Os fungos estão presentes em nossa mesa há séculos. Você já parou para pensar como seria a vida sem o queijo Gorgonzola, o Camembert ou o Brie? E o que seria do mundo, simplesmente, se não existisse o Botrytis cinerea, o fungo que cria os vinhos brancos de sobremesa mais deliciosos e complexos do mundo? Não dá para imaginar.
O Botrytis cinerea é um micro-organismo peculiar. Ele aparece sobre as uvas como um pó acinzentado – daí seu nome botrytis, do grego, cacho de uvas; cinerea, do latim, cinza. Por isso, ele é conhecido como “podridão cinza” quando ataca os vinhedos em períodos constantes de chuva e umidade.
Já em condições climáticas especiais, onde a névoa fria e úmida da manhã dá lugar ao tempo quente e seco à tarde, ele se torna a dádiva do Nilo e passa a ser chamado de “podridão nobre” – ou noble rot (inglês), pourriture noble (francês), muffa nobile (italiano) e edelfäule (alemão).
Nesse caso, o fungo se aloja nas cascas das uvas e promove um processo de desidratação. Com isso, há um aumento da concentração de açúcares e ácidos, além de uma série de reações químicas. A síntese de sotolon e de álcoois geram aromas de mel, especiarias, xarope de bordo (maple), açúcar queimado, trufas e cogumelos.
Alguns poliálcoois também são produzidos, em especial o glicerol, responsável pela sensação de doçura e viscosidade dos vinhos botritizados. Tudo isso resulta em um néctar que, ao ser vinificado, enobrece o sabor do produto com um perfil aromático único.

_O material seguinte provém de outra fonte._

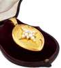 the pointed oval locket applied to the front with a slim six-pointed star claw set to the centre with an old mine cut diamond within a surround of half-pearls, all within a recessed quatrefoil motif, opening to reveal two glazed compartments, surmounted by a tapering bale, contained in a tooled maroon leather fitted case stamped HOWELL JAMES & CO...
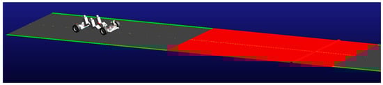 During the Adams/Car calibration phase, the detailed multibody model is built, simulated, compared, and adjusted. As described above, the Adams/Car model was initially built for durability analyses. Simulating on virtual ground with the given obstacles, as depicted in Figure 3, the numerical results are output in *.rsp format to be read in nCode as well. The simulation results are compared with the test results, and the errors in both the amplitudes and the periods are assessed. If the errors are small, the parameter sensitivity is calculated using the finite difference method, with additional simulations for parameter perturbation. Subsequently, assuming a linear input–output relationship, the vehicle parameters are adjusted using the least squares optimization method. The simulation loop continues until the errors are found to have converged, at which point the calibration process is concluded.
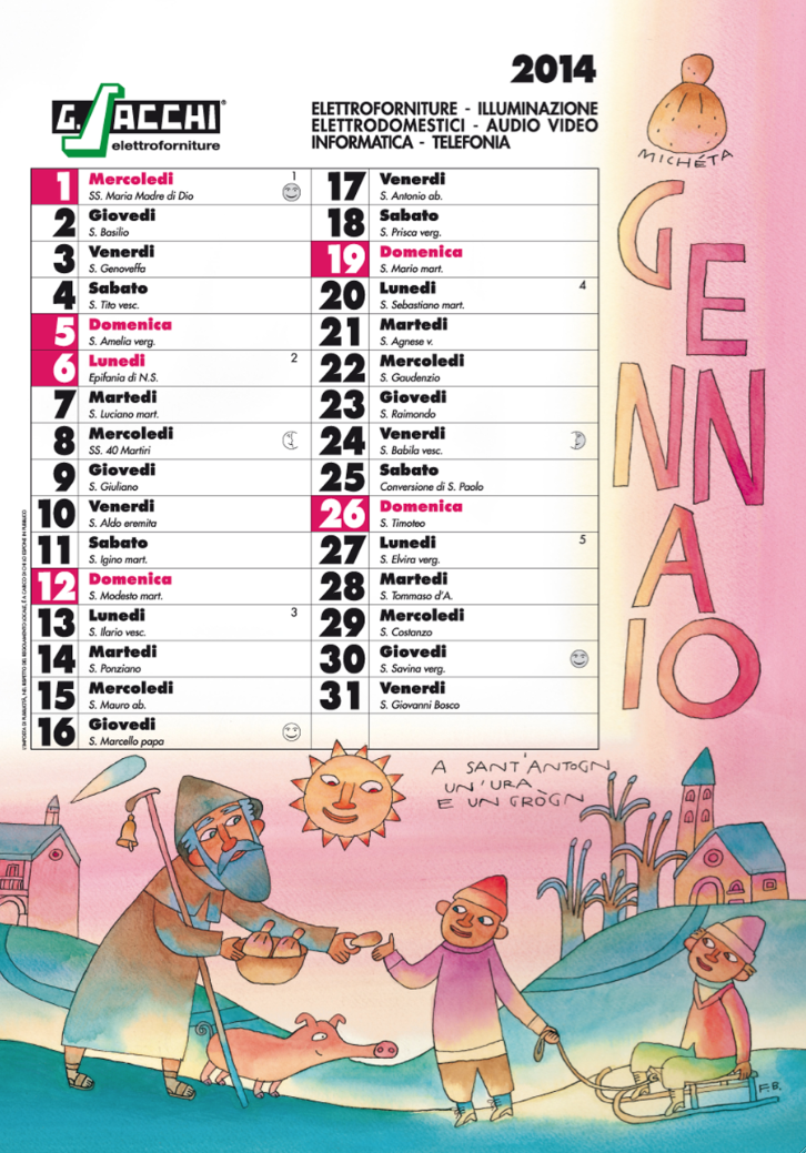 Anche 2014 sarà all’insegna del calendario Sacchi e dei proverbi della Brianza illustrati dal tratto naif e delicato di Filippo Brunello. Più di 70.000 copie ogni anno per un calendario che racconta una Brianza agreste, il lavoro nei campi, il passare delle stagioni fra modernità e tradizione. Il riconosciuto buonsenso di questo mondo viene rivissuto…
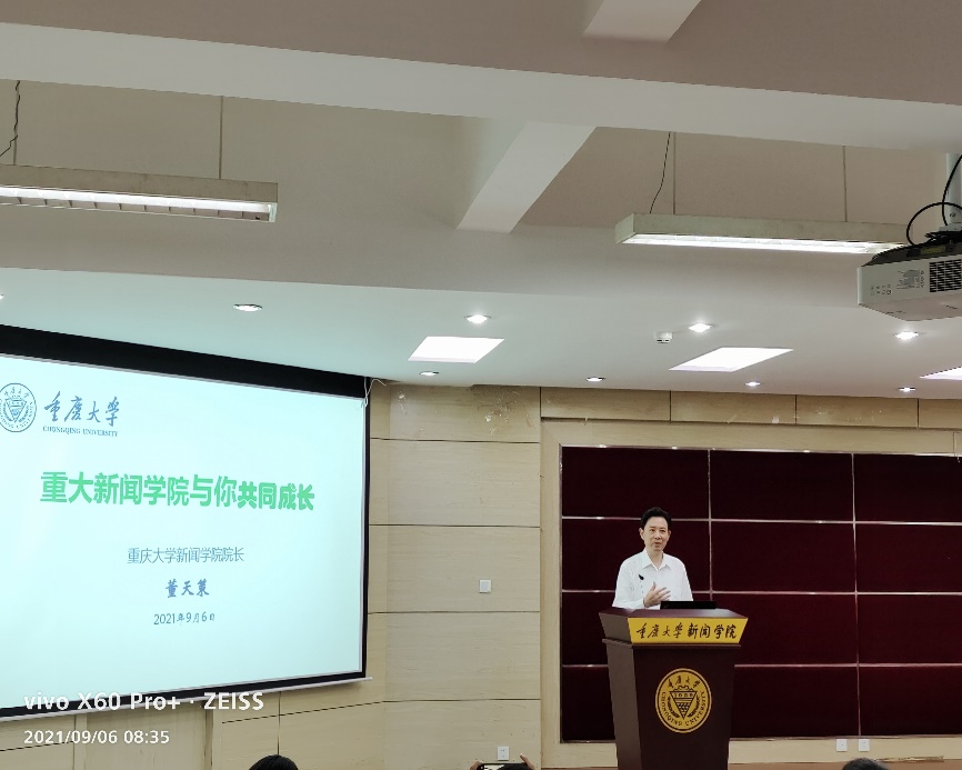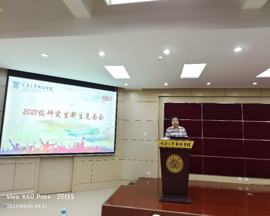 的概况及近年的新发展,包括新闻传播学科特色与相对优势、师资队伍、科学研究、人才培养等方面,并寄语同学们践行学校的办学宗旨及学院的院训。他期待研究生新生:要有坚定的学术志向与高远的学术理想;要有扎实的学术训练与专业的学术能力;要有开阔的学术视野与宏大的学术格局;要有沉潜的学术功夫与从容的学术人生。
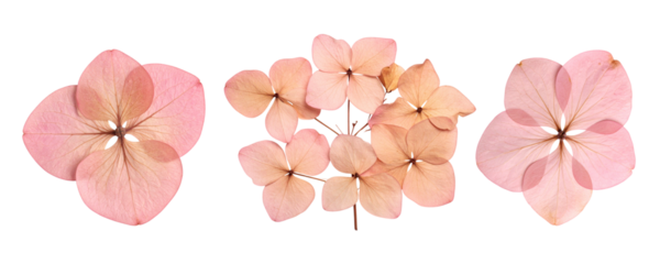 Dry pink hydrangea flowers isolated on a transparent background; PNG
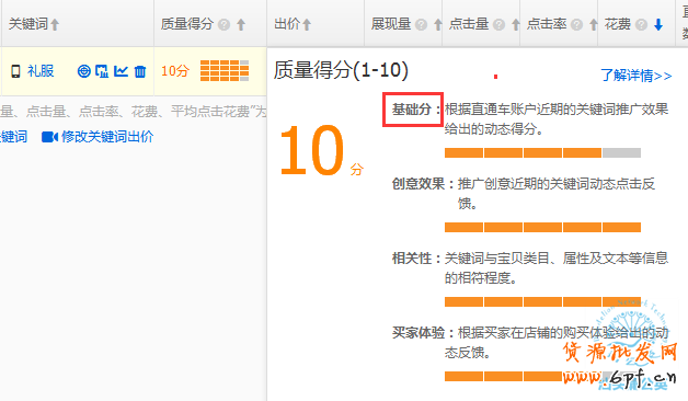 同个关键词在不同的宝贝里面有着不同的质量得分,可以看到10分的关键词带有着手机标志。关键词质量分反映宝贝数据的高低,同时也反映一个宝贝是否具备有潜力,我们都知道如果宝贝整体培养的数据很好,他所新添的关键词质量分就会高,这就跟关键词质量得分内的“基础分”和“创意分”有关,那么如何去提升影响到我们质量得分呢?最重要的数据是什么?
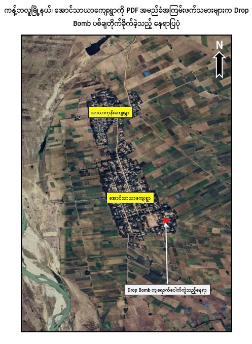 PDF အမည်ခံအကြမ်းဖက်သမားများသည် ပြည်သူလူထုအေးချမ်းစွာ နေထိုင်နေသော မြို့၊ ရွာများကို တည်ငြိမ်အေးချမ်းမှုပျက်ပြားစေရန် ရည်ရွယ်ချက်ဖြင့် Drop Bomb များ၊ လက်နက်ကြီးများဖြင့် ရက်စက်ယုတ်မာစွာ ပစ်ခတ်တိုက်ခိုက်မှုများကြောင့် အပြစ်မဲ့ပြည်သူများ သေဆုံး၊ ဒဏ်ရာရရှိမှုများဖြစ်ပေါ်လျက်ရှိပြီး ယနေ့တွင်လည်း စစ်ကိုင်းတိုင်းဒေသကြီး၊ ကန့်ဘလူမြို့နယ်၊ အောင်သာယာကျေးရွာကို Drop Bomb များဖြင့် ယုတ်မာရက်စက်စွာ ပစ်ချတိုက်ခိုက်ခဲ့သဖြင့် အပြစ်မဲ့ပြည်သူ ၃ ဦးသေဆုံးပြီး ၈ ဦး ဒဏ်ရာများ ရရှိခဲ့ကြောင်း သိရှိရသည်။

Esse processo ocorre de forma natural e no seu próprio ritmo. Não há como estimular, acelerar ou até mesmo evitar. Tudo depende da vontade da natureza. A colheita das uvas é feita de maneira seletiva, manualmente e em diversas fases, já que o Botrytis cinerea não ataca a videira de forma linear. Assim, o produtor vai colhendo os bagos mais afetados durante dias.
O mosto extraído dessas uvas é relativamente limitado e, por isso, esses vinhos de sobremesa são produzidos em pequenas quantidades – o que os torna caríssimos. Para se ter uma ideia, a produção de uma única videira botritizada não passa de um cálice de vinho, enquanto uma videira normal produz de três a quatro garrafas de vinho.
E como você deve imaginar, não deve ser em qualquer lugar que se encontram as condições ideais para produzir esse néctar dos deuses. Na França, em Sauternes, no vale do Loire e na Alsácia; na Hungria, em Tokaj; e na Alemanha, no vale do Reno, são os terroirs que conseguem produzir vinhos botritizados com qualidade, quantidade e regularidade. São dessas regiões, respectivamente, o Château d’Yquem, o Tokaji Aszu Ezsenzia e o Trockenbeerenauslese do Rheingau, três dos melhores e mais conhecidos rótulos.
Vinhos com características ímpares de complexidade, longevidade e riqueza gustativa, com puro equilíbrio entre doçura e acidez. Você já teve o prazer de experimentar um dos melhores vinhos do mundo?